> PROBLEM: In this exercise, write out the data word for word and leave every image out.
══ EXERCISE DATA ══
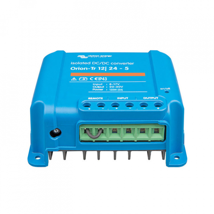 Victron Orion TR galvaniskt omvandlare används även som direkt galvaniskt separerade system: Ingångsspänning 12 eller 24 VDC, utgångsspänning 12 eller 24 VDC finns i 110 och 360 W.
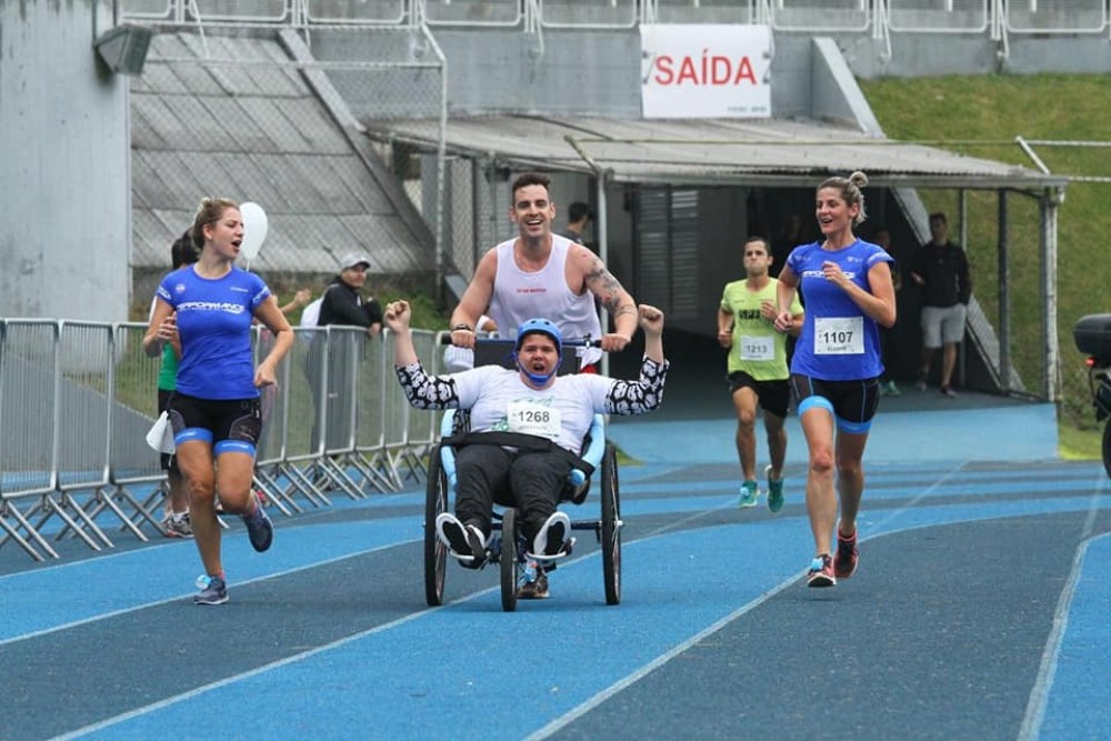 O soldado BM Renato Augusto Mertins, da 2ª Companhia do Batalhão de Operações Aéreas de Blumenau disputou uma corrida diferenciada neste domingo, 1/07 no centro esportivo Bernardo Wener (SESI - Blumenau). Por meio do programa Pernas Solidárias, Mertins foi voluntário para correr os 5 quilômetros com o cadeirante Jeferson Cardoso Neres.
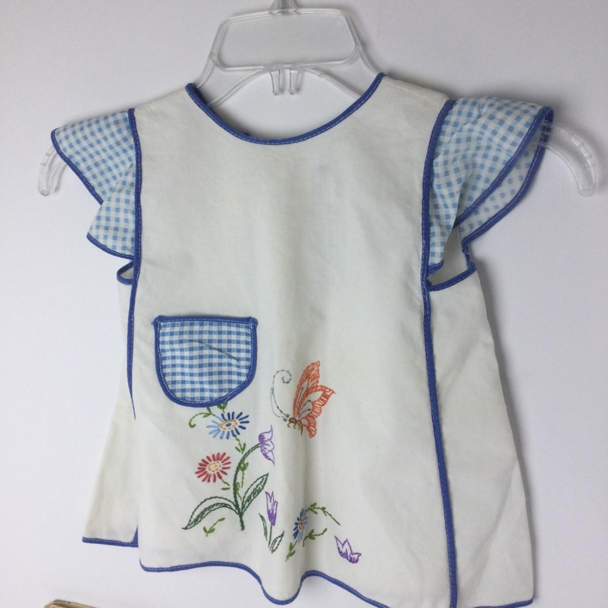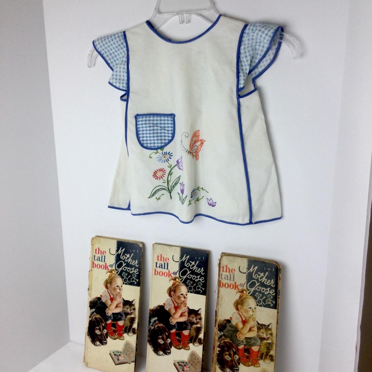 The smock/dress is in excellent condition and ties at the back-Toddler size (16” long x 9” from armpit to armpit). The books are duplicates of the same in various conditions-the best edition of the book is first edition.
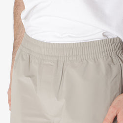 The elastic waistband with internal drawcord ensures a personalised fit. Front hand pockets and a zippered back pocket provide convenient storage, and the subtle embroidered logo on the left thigh completes the look.
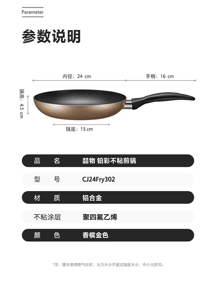 美的(Midea)煎锅不粘锅牛排锅平底锅煎蛋锅煎饼锅炒菜锅CJ24Fry302M金色
═══
> YOUR SOLUTION:
 Victron Orion TR galvaniskt omvandlare används även som direkt galvaniskt separerade system: Ingångsspänning 12 eller 24 VDC, utgångsspänning 12 eller 24 VDC finns i 110 och 360 W.
 O soldado BM Renato Augusto Mertins, da 2ª Companhia do Batalhão de Operações Aéreas de Blumenau disputou uma corrida diferenciada neste domingo, 1/07 no centro esportivo Bernardo Wener (SESI - Blumenau). Por meio do programa Pernas Solidárias, Mertins foi voluntário para correr os 5 quilômetros com o cadeirante Jeferson Cardoso Neres.
 The smock/dress is in excellent condition and ties at the back-Toddler size (16” long x 9” from armpit to armpit). The books are duplicates of the same in various conditions-the best edition of the book is first edition.
 The elastic waistband with internal drawcord ensures a personalised fit. Front hand pockets and a zippered back pocket provide convenient storage, and the subtle embroidered logo on the left thigh completes the look.
 美的(Midea)煎锅不粘锅牛排锅平底锅煎蛋锅煎饼锅炒菜锅CJ24Fry302M金色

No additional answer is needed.